Since starting work on Repo Prompt, back in summer 2024, my workflow with AI models has not stopped changing.

One constant through all that change however, has been the importance of maximizing the relevant context fed to the model, given how much context it’s able to reliably process.

Understanding Context Windows: Advertised vs. Effective

That last point is worth clarifying: LLMs have an advertised context window, and then an effective one.

Until this year, models had a precipitous drop when crossing the 32k token barrier.

I’d say right now most models perform admirably in the 64-128k token range, but going beyond that is perilous, as the ability for the model to effectively reason over more context drops dramatically as its intelligence drops proportionally to the context served.

One important consideration for long context reasoning, is the size of the model. In most cases, smaller models struggle a lot more than larger ones with longer context, and I expect that to remain true for a long time to come.

With that said, the battle to getting the most out of LLMs for programming, or any reasoning heavy task, lies almost exclusively in the optimal curation of context, formatted clearly, and paired with a clear task prompt.

The Agent Orientation Problem

Now, with the importance of context in mind, it’s important to understand the different ways of serving problems to LLMs and getting them to make effective changes to your files or code.

Most folks working with AI models in 2025 have probably tried a coding agent, and if you haven’t I encourage you do give Claude Code or Codex a download and experiment with what it can do for you.

Coding agents are in some ways miraculous, but they are also fundamentally limited.

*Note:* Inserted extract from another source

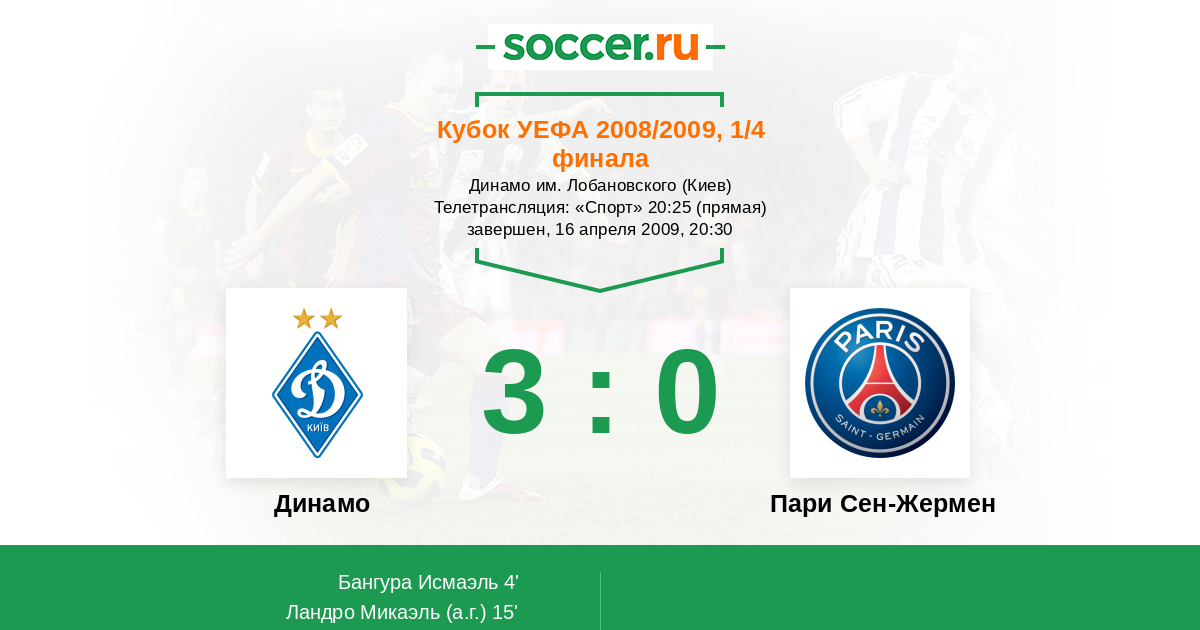 Динамо - Пари Сен-Жермен: обзор матча 16 апреля 2009

Understanding why is again related to understanding the importance of context.

When you prompt a coding agent, it must understand your problem, and the code that relates to that problem, from scratch, without any prior knowledge. You may try to accelerate codebase understanding with meticulous rule files, but each rule file you add eats into the available context window, which in turn affects the ability for the model to reason about your problem and the codebase itself.

Sending a prompt to a coding agent to change some code in a fresh context window involves what I’ve come to call “agent orientation”. It’s the phase where an agent will search through your code, invoking tools like grep to search for keywords based on what you prompted the model, to find the files related to your problem.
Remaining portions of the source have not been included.